We finished our shopping with laden bags in hand we made our way in search of a much needed coffee, our friend Peter guided us to a small hotel that he’d visited the year before set in the backstreets, It was a pleasant surprise, not to mention the immobiliers office next door. We thought we had exhausted all the agents in Caussade getting rather dismayed; we were planning where we should look next.
I believe in fate and coincidences and today was no exception, peering through the window at the numerous properties for sale a couple caught our eye, we decided to go in and enquire, The very nice proprietor spoke little English but gave us directions to one of the properties, we were surprised it was on the edge of Cayriech village, we arranged to view the other property the next day with him.
We eagerly returned to Cayriech, parked up on the campsite had a nice lunch, then four of us went in search of the Mill ruin and grange at the back of the church. As we approached we could see the grange and a sign saying private entry, we climbed over the low fence and made our way to the mill only the front and rear walls to the 1st floor and the two gable ends were left standing the rest was gone, rotting timbers, vegetation, a couple of large cart wheels and heavy steel axles were littered inside together with the two mill stones still intact, the main lower structure was in very good shape the stone arch through which the water flows was in perfect condition, we noticed a faint date over one of the solid stone door lintels of the grange 1780. The mill we believe is older, set in over 3 acres of land it took our breath away. 
We made our way to the sound of running water it was out of sight of the mill, as we reached the river bank the cascading water over the falls was very tranquil, picturesque well everything beautiful all rolled into one! Water to the mill is via tributary from the main river, passing under a single arch below the house and rejoins the river further down stream.
Making our way back to the campsite, talking over the possibilities, that evening we had a get-together with a bottle or two. The next morning the Immobilier called to pick us up from the campsite to see the other property, it was a large grange on a smallish plot, the property was built from reclaimed stone of an ancient church complete with gargoyle, it was on the side of a hill a little remote, very windy we thought No! ( but the price was good!)
The weather here in Cayriech is changeable but mostly dry, an abundance of wildlife several resident birds of prey, a pair of green woodpeckers, one morning a pair of kites made a low pass heading west into the mist, we have the usual cheeky robin outside the motor home and the odd cat foraging, in just two weeks we seem to be getting into the French way of life, although we haven’t escaped the car with the large rear can speakers blasting out boom-boom-boom as he passes daily probably making his way to the hearing aid shop in the next town! We must be getting old!!

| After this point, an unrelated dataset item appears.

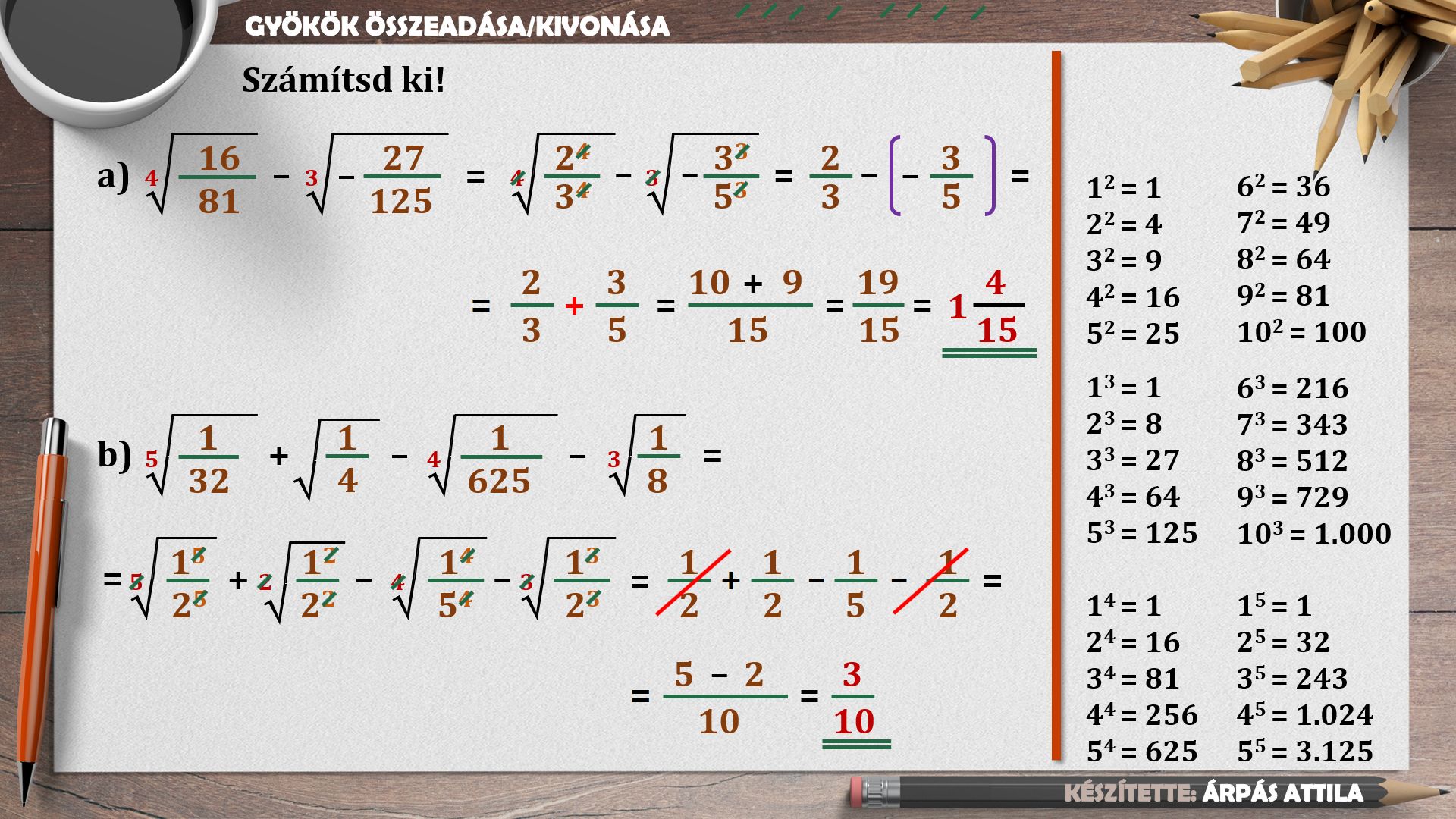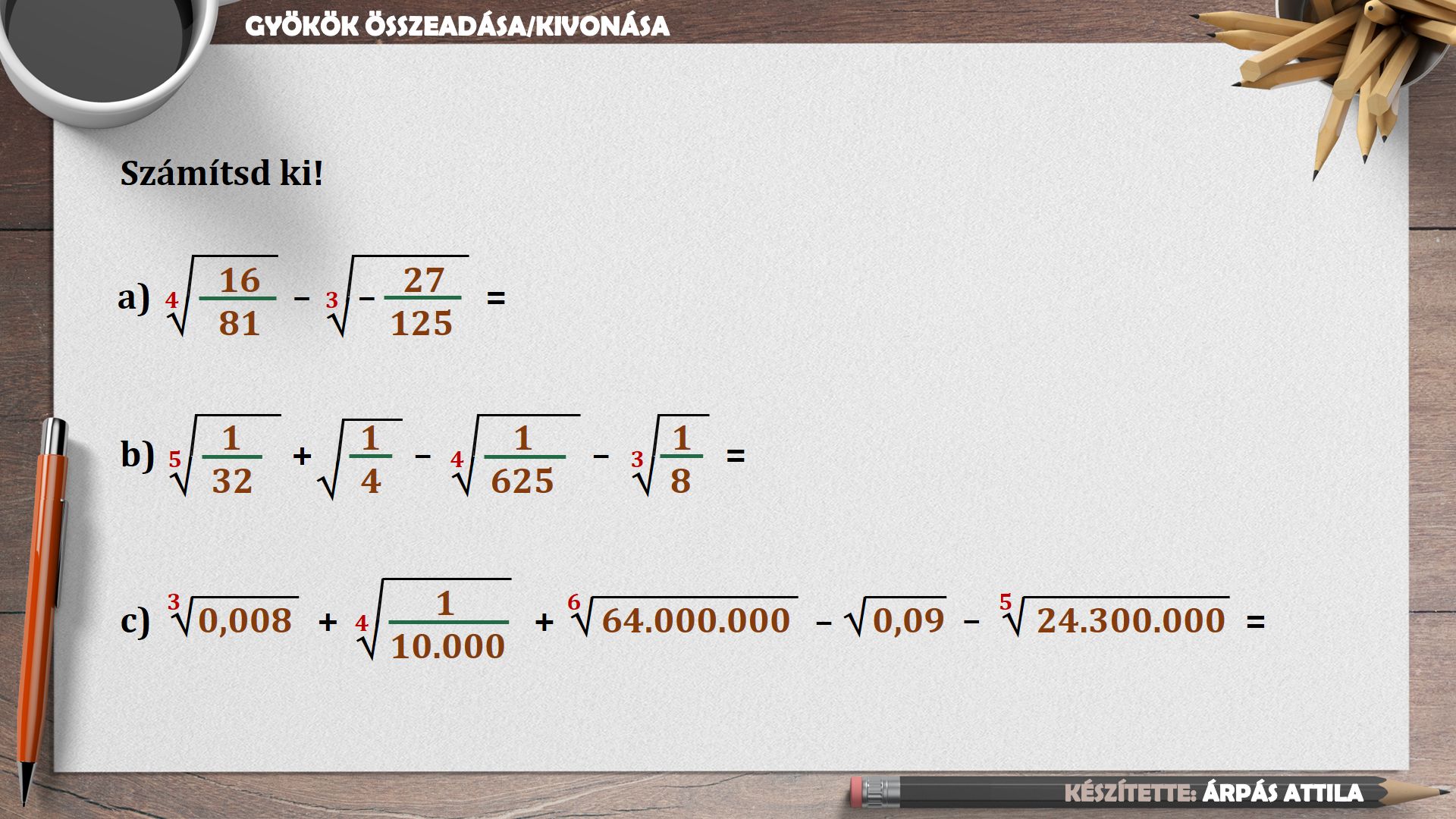MAGASABB RENDŰ GYÖKÖK ÖSSZEADÁSA ÉS KIVONÁSA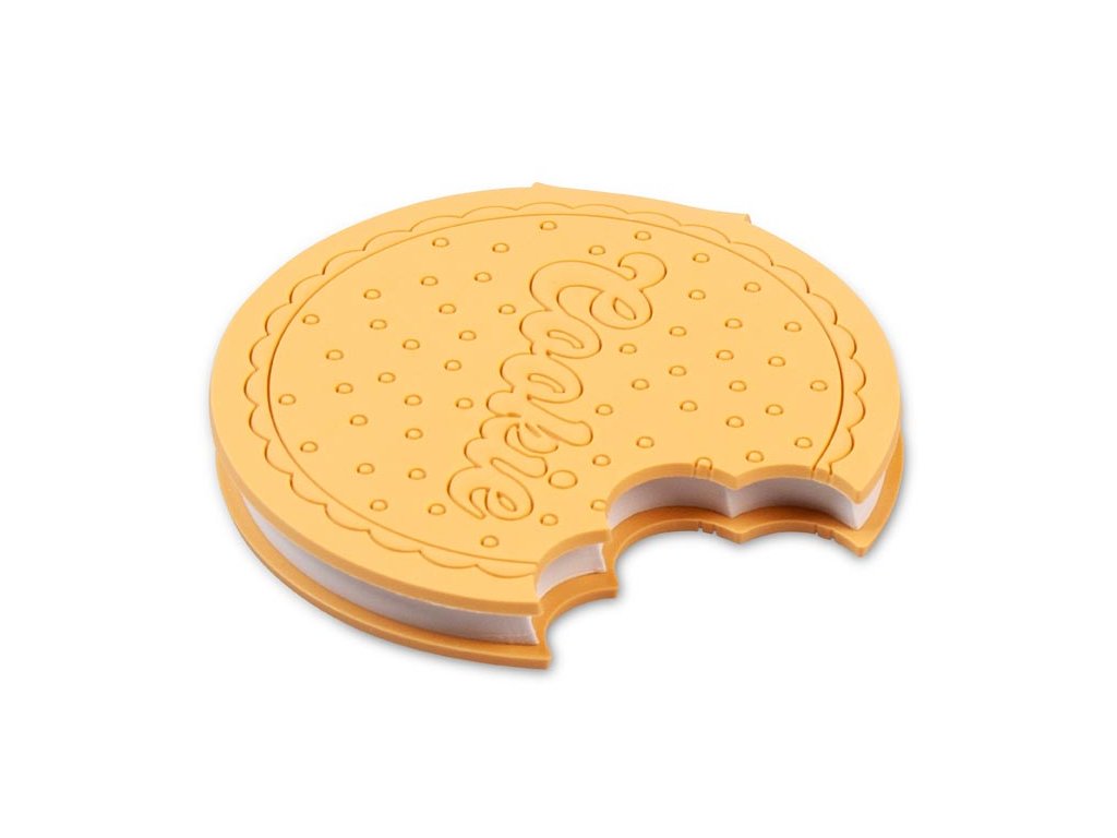 V hravom dizajne Poznámkový blok, ktorý na prvý pohľad zaujme svojím hravým dizajnom. Notes Sušienka od Gifty má originálny tvar sušienky s „odhryznutým“ okrajom, vďaka čomu sa stane nielen praktickým pomocníkom, ale aj zábavným doplnkom na vašom stole. Je ideálny na zapisovanie poznámok, nápadov alebo dôležitých odkazov. Vďaka kompaktným rozmerom sa zmestí do kabelky, batohu aj zásuvky pracovného stola. Je perfektnou voľbou do školy, kancelárie aj domácnosti – a navyše aj milý tip na darček. Farba: béžová Rozmer: 90 × 90 mm Uvedená cena je za 1 ks.Dodatočné parametre

The Mill as it stands is too small for us, in France it is necessary to see the mayor to discuss anything that concerns the village, buildings well just anything, so I rang the mayor of Cayriech at her home to make an appointment she sounded very nice she didn’t speak English but we had a good laugh! She sent a message via the campsite owner with our appointment time!
With the Immobilier we went fore armed, I had prepared perspective drawings of proposed rebuilding works (it’s my work) it was on quite a large scale, as normal with planners/officials a deep breathe is drawn and shaking of heads but after negotiations a scaled down version was agreed upon, our pre-requisite prior to making an offer on the mill.
We visited the immobilier the next day, we made a cast iron offer he could not refuse! The property we believe had only just come onto the market within the last two weeks.
Thursday morning 17th we bided a fond farewell to Peter & Eileen our motor home neighbours in Cayriech for the last fortnight, they are making their way to Spain for the winter. 
Later that evening we decided to go out for a meal to a new posh restaurant five minutes away in Puylaroque, another expensive disaster, I think I should open a place of my own. Although we did not complain the meals were far too arty farty and fussy not very well made the meat was tough and my snails were bland. The young lady serving us was very nice friendly and helpful, I only wish Gordon Ramsey could give them some advice, the place was empty apart from one other Danish couple, my wife serves better meals at her tea room back in Yorkshire! We returned to Cayriech the sky was clear a very bright full moon lit our way back; we were in for a cold night!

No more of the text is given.